Os tribunais de exceção contra mulheres e pessoas negras só existem porque alguns corpos nunca vão para os tribunais, validando a cisheteronorma branca. E aqui não defendo o punitivismo. Pelo contrário, proponho a reflexão sobre um processo cíclico que julga, desumaniza e pune pessoas negras e que, portanto, nos coloca em situação de maior criminalização, o que acaba legitimando que somos as pessoas mais violentas e odiosas. Como feministas negras, temos a responsabilidade de expor e cobrar publicamente, como o fizeram Lélia e tantas outras militantes negras críticas às violências dentro do campo de esquerda. Mais ainda, temos que construir modelos de reparação que, necessariamente, passam pela distribuição de poder. Seja pela perda dos direitos políticos, por cotas, ocupação dos espaços de direção, pela eleição de mais mulheres negras e LBTs, além de financiamento e empenho político em campanhas pelos direitos das mulheres lésbicas negras. Os homens precisam se auto-organizar em espaços sobre masculinidades bem como pessoas brancas sobre branquitude.

É fundamental a construção de espaços seguros de escuta e acolhimento para mulheres vítimas de violências, para que possamos validar os depoimentos e as denúncias das nossas, reivindicação histórica da luta pelo fim da violência contra a mulher.
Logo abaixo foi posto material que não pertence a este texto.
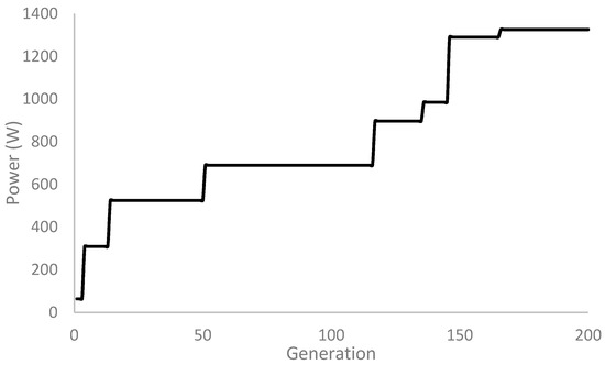 According to the optimisation procedure, the solution of the objective could be achieved with the selected constrained range (upper and lower limits) of design parameters in Table 3 by using an adequate global search method; hence, the consideration of the GA to optimise the design parameters of the FPSE so as to maximise the power output. Figure 4 shows the variation in the indicated power of the engine over the stipulated number of generations. The termination criterion was achieved at the 180th generation; however, the indicated power increased significantly from the first few generations.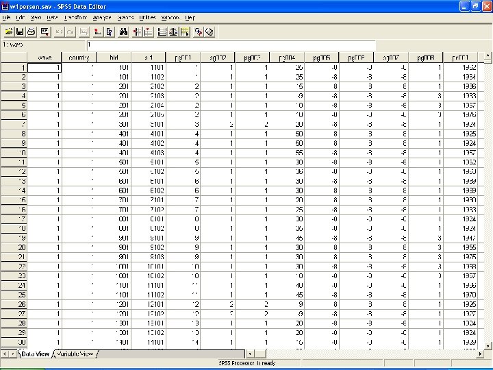 Stata – using wide and long file formats l Wide file formats (everything you add goes to the right of the existing data) l Long file formats (everything you add goes underneath the existing data)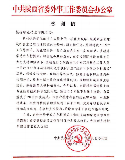 近日,学校收到中共陕西省委外事工作委员会办公室的感谢信。在信中,省委外事办对学校在乡村振兴工作中给与的支持和帮助表示诚挚的感谢。
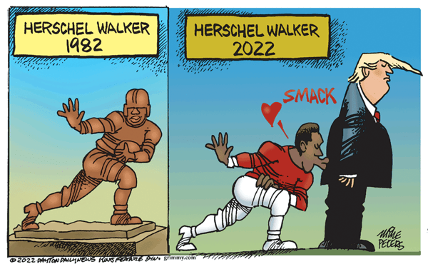 Mike Peters (KFS)’s cartoon has convinced me that, like the chaplain in Catch-22, I’m either in the midst of a hallucination or on the verge of sainthood, because I appear to be the only one with a vision of Herschel Walker and Donald Trump that dates from well before the present.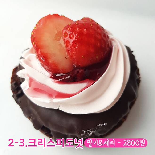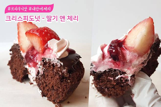 다음은 딸기 앤 체리 도넛이에요. 브라우니 같은 갈색 빵 위에 초콜릿으로 코팅되어 있어요. 당 떨어질 때 최고 일 것 같은데요? 도넛 위의 딸기도 참 실해 보여요. 단면 사진도 함께 보시죠.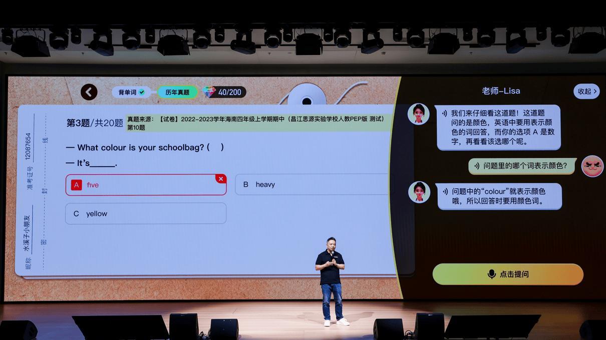 胡博介绍,“英语天天练”引入了专属“AI老师”,并现场演示了AI老师的体验和互动。当孩子出现错误时,AI老师会自动介入,基于孩子的数据和错误进行讲解。根据目前的分析结果,孩子在AI老师介入后,平均12秒就能做对错题,充分展示了AI和大数据在英语学习中的实际效果。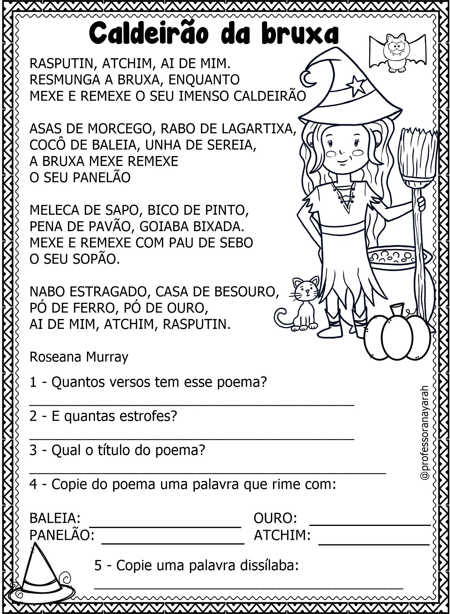 Espaço do Saber Atividade dia das bruxas Atividades de alfabetização. Chegou o mês de Outubro e nada melhor que inovar as aulas com estas Atividades para dia das bruxas para o 1º ano do ensino fundamental. Portanto o objetivo destas Atividades para dia das bruxas é despertar nos alunos em realizar a leitura do poema e depois ilustra-lo. O poema O caldeirão da bruxa traz pequenos.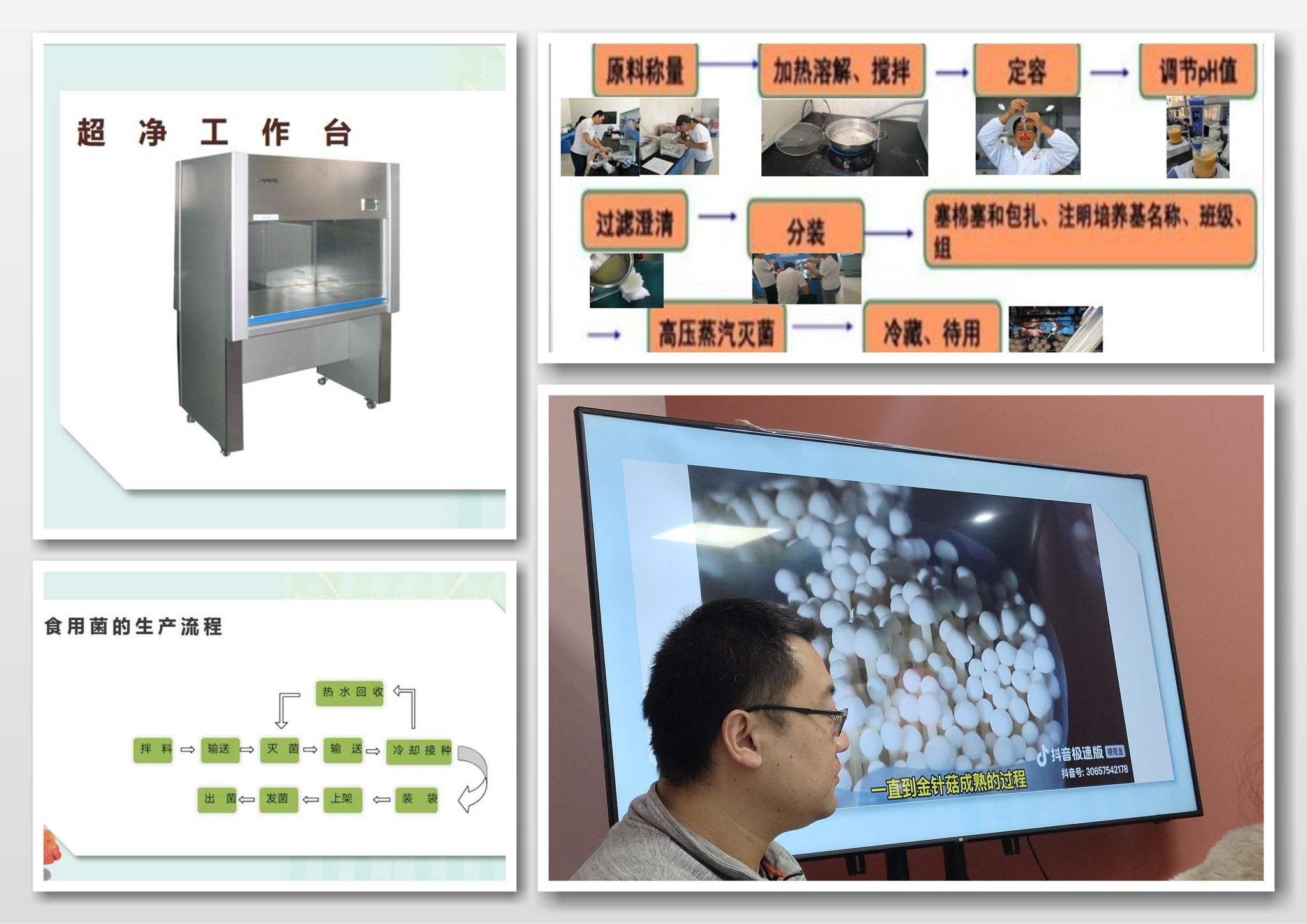 结合食用菌的生产流程视频,胡老师讲解了实验室和培养基如何灭菌,无菌的环境是植物组织培养的必要条件,通过视频和互动提问,让学生明白灭菌所需要的设备以及灭菌原理。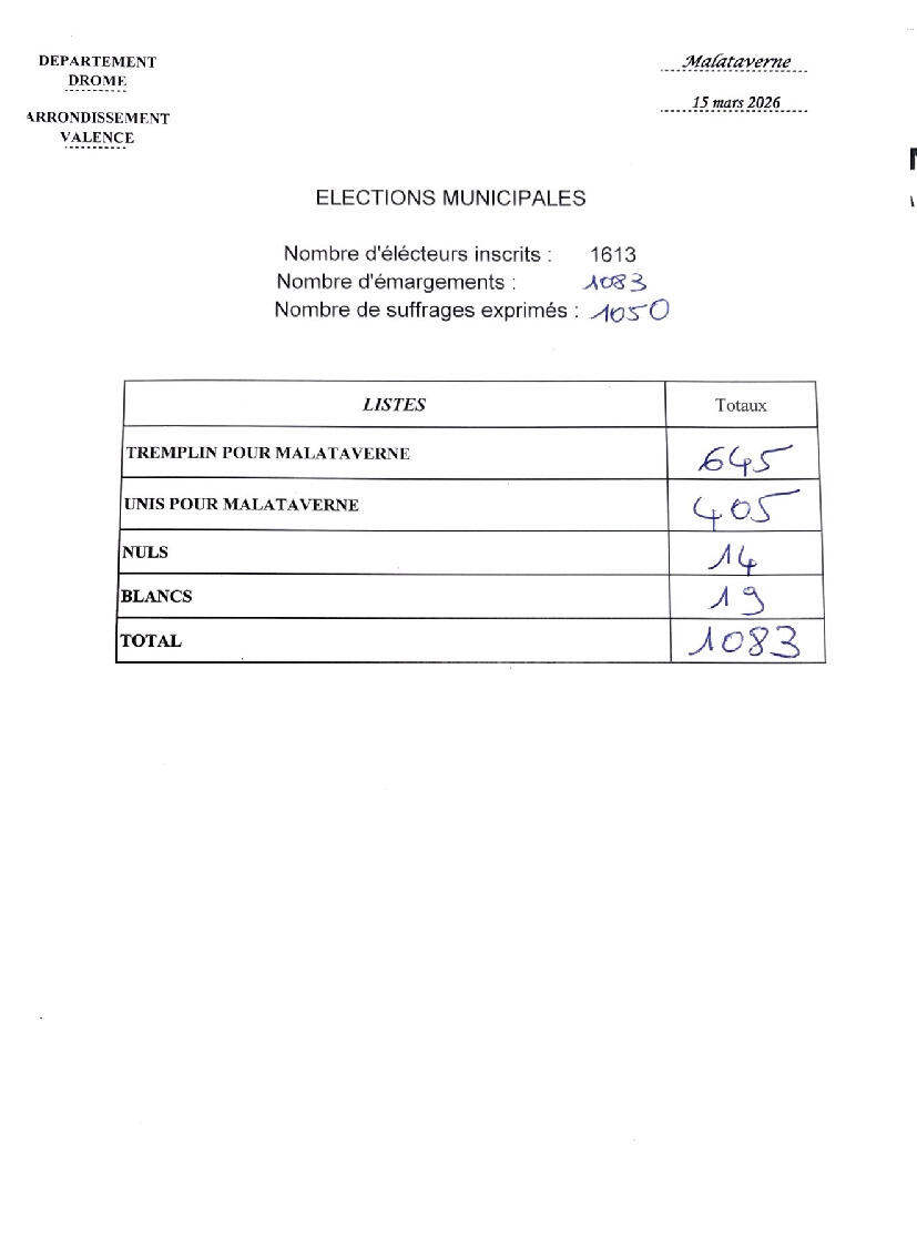 Election Municipale - 15 Mars 2026 15/03/2026 Madame Véronique ALLIEZ-EYGUESIER est élue avec 61% des suffrages exprimés.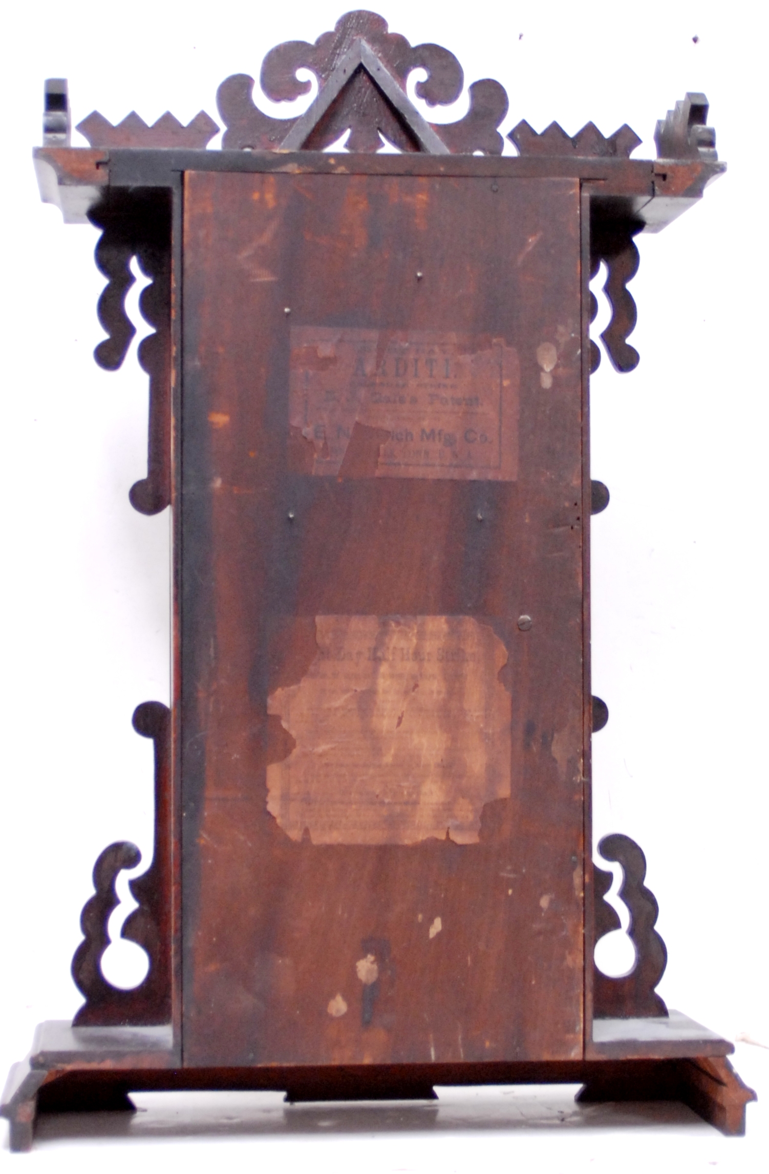 Welch, Spring & Co. shelf calendar clock, “Arditi”, ca 1885. One of the first calendar clocks this company made using the Gale patented calendar movement. Inside is a nice Gale label with operating instructions. That is the pendulum hanging on the calendar movement in the picture. I forgot to remove it, sorry. The Welch, Spring 8-day upper movement is signed by Welch, is running nicely and striking hours on a coil gong. There are no extra holes around the movements or dial pans. Walnut case is 27” high, there has been no attempt to clean it and it is very dark and crusty, but looks good. There is no case damage or repairs evident. The case design is very nice but void of any applied or carved pieces, just some good jigsaw work and grooved designs over the top and side ornaments. The glass is original, so are both dials and hands. Everything else is old and original. Ly-Welch, page 62. $300-$500.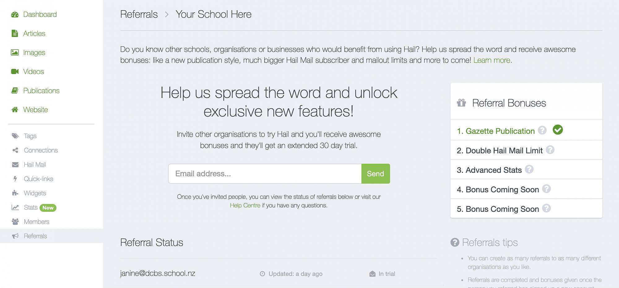 Do you know other schools, organisations or businesses who would benefit from using Hail? Help us spread the word and receive awesome bonuses: like a new publication style, much bigger Hail Mail subscriber and mailout limits and more to come!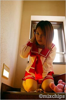 志保ちゃんだと意識しないで、ただの制服撮影だと思って。こわもて。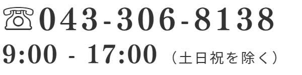 事前にお電話「043-306-8138」(平日9:00~17:00)またはお問い合わせフォームよりご予約ください。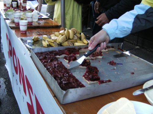 Dann kommt bereits die erste Wasserstelle. Es gibt hier sogar noch Isogetränke. Einen Becher hinter die Binde, dann mache ich mich auf den weiteren Weg.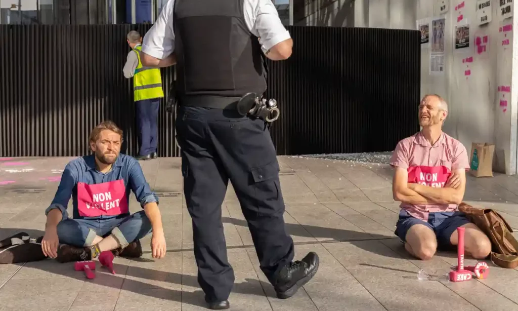 Activists targeted the News UK building next to London Bridge station early on Tuesday morning, destroying glass panels and putting up posters reading “tell the truth” and “40 degrees = death” next to the entrance used by journalists at the Sun and the Times.
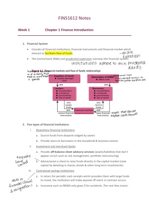 These detailed typed notes cover the course content from Weeks 1 - 6. The contents are from lectures, textbook and tutorials all gathered in one! It includes images with clearly handwritten annotations (from iPad Pro) for in depth explanations. These notes are broken down for you weekly as seen below: CH1 – A Modern Financial System: An Overview CH02 – Commercial Banks CH04 – The Stock Exchange & The Corporation CH05 – Corporations Issuing Equity in the Share Market CH06 – Investors in the Share Market CH07 – Forecasting Share Price Movements CH09 – Short-Term Debt CH10 – Medium-to-Long-Term Debt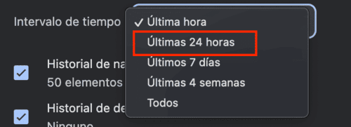- Elige el intervalo de tiempo (por ejemplo, “Últimas 24 horas” o “Todo el tiempo”).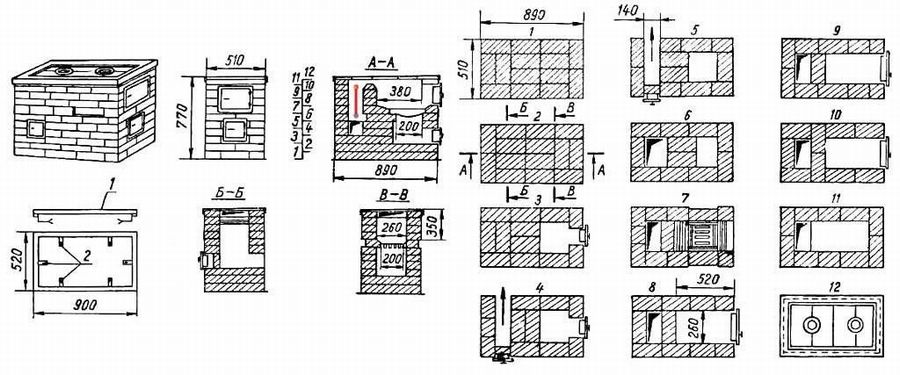 Ниже представлена схема укладки такого рода печки. Такой вариант представляет собой самую простую кирпичную конструкцию. Стандартная ширина, высота и длина соответствуют размерам 510х910х 1010мм. Возводят подобную конструкцию на кухне у одной стен или посередине помещения. В случае расположения у стены обогревается не только кухня, но и соседняя комната. Топочная дверца может быть изготовлена из чугуна или жаростойкого стекла.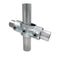 Raccord JM156-D48 en croix 2 entrées avec angle variable de 0° à 11° permettant de relier 2 tubes horizontaux à 1 tube vertical. Souvent utilisé pour fabriquer une serre à potager, les tubes intermédiaires d'un rail, garde-corps ou pour des constructions de structures d'exposition.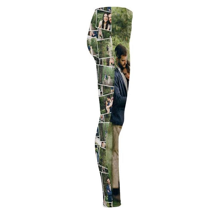 Your high waisted leggings have four areas that you can customize differently. You can personalize both the front and back, of each of the right and left legs with either the same photos and images or completely different ones. We love the idea of alternating these in an almost harlequin fashion so that your front right and back left photos are using similar colors, with a contrasting scheme for your front left and back right.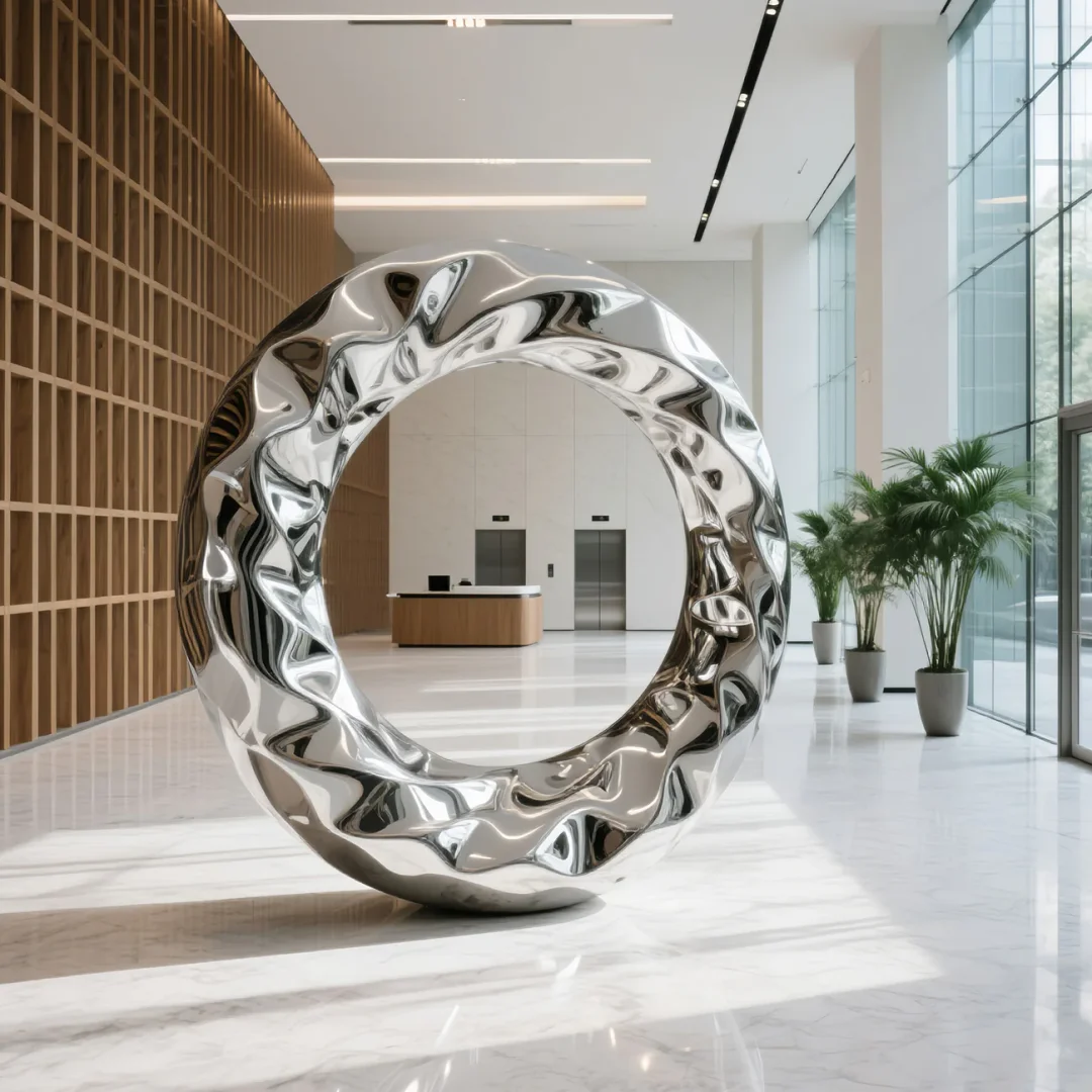 “The Flowing Ring” Modern Stainless Steel Sculpture is a striking modern abstract sculpture that reinterprets the traditional symbol of a ring, transforming it into a dynamic, fluid form. The gently twisted surface of the ring captures movement, suggesting the constant flow of energy and time. The polished mirror finish amplifies the sculpture’s reflective qualities, creating an ever-changing visual experience as it interacts with light and its surroundings.

Não podemos permitir, sob hipótese alguma, dúvidas sobre as vítimas, até porque ouvimos com frequência em casos de assédio e estupro: “quem mandou usar aquela roupa? Também, né? Você provocou. Quem mandou se portar como homem?”. É contra estas armadilhas do machismo, do racismo e da lesbofobia que precisamos lutar todos os dias, nos irmanando numa política de aliança entre mulheres, num exercício constante do feminismo lésbico que, em minha opinião, deve passar pelo amor entre mulheres. Amor este que não é apenas sexual, mas um amor fraterno, empático, honesto e, principalmente, político, consolidado e transformado em ação revolucionária a partir de uma ética feminista. Amar as mulheres significa ouvi-las, acolhê-las e lutar contra os tribunais em que somos insistentemente colocadas todos os dias e que nos criminalizam, nos fetichizam, ameaçam, ou nos silenciam.

É nossa responsabilidade sermos vigilantes dos espaços que construímos para que não sejam mais tolerados olhares de “porta de serviço”, sorrisinhos de canto de boca e machezas deste tipo. E aos companheiros da esquerda, cabe assumir seu papel nesse processo porque nós, mulheres negras LBTs, já estamos cansadas de dizer o óbvio e de ter que tornar compreensível a nossos agressores a natureza de suas agressões.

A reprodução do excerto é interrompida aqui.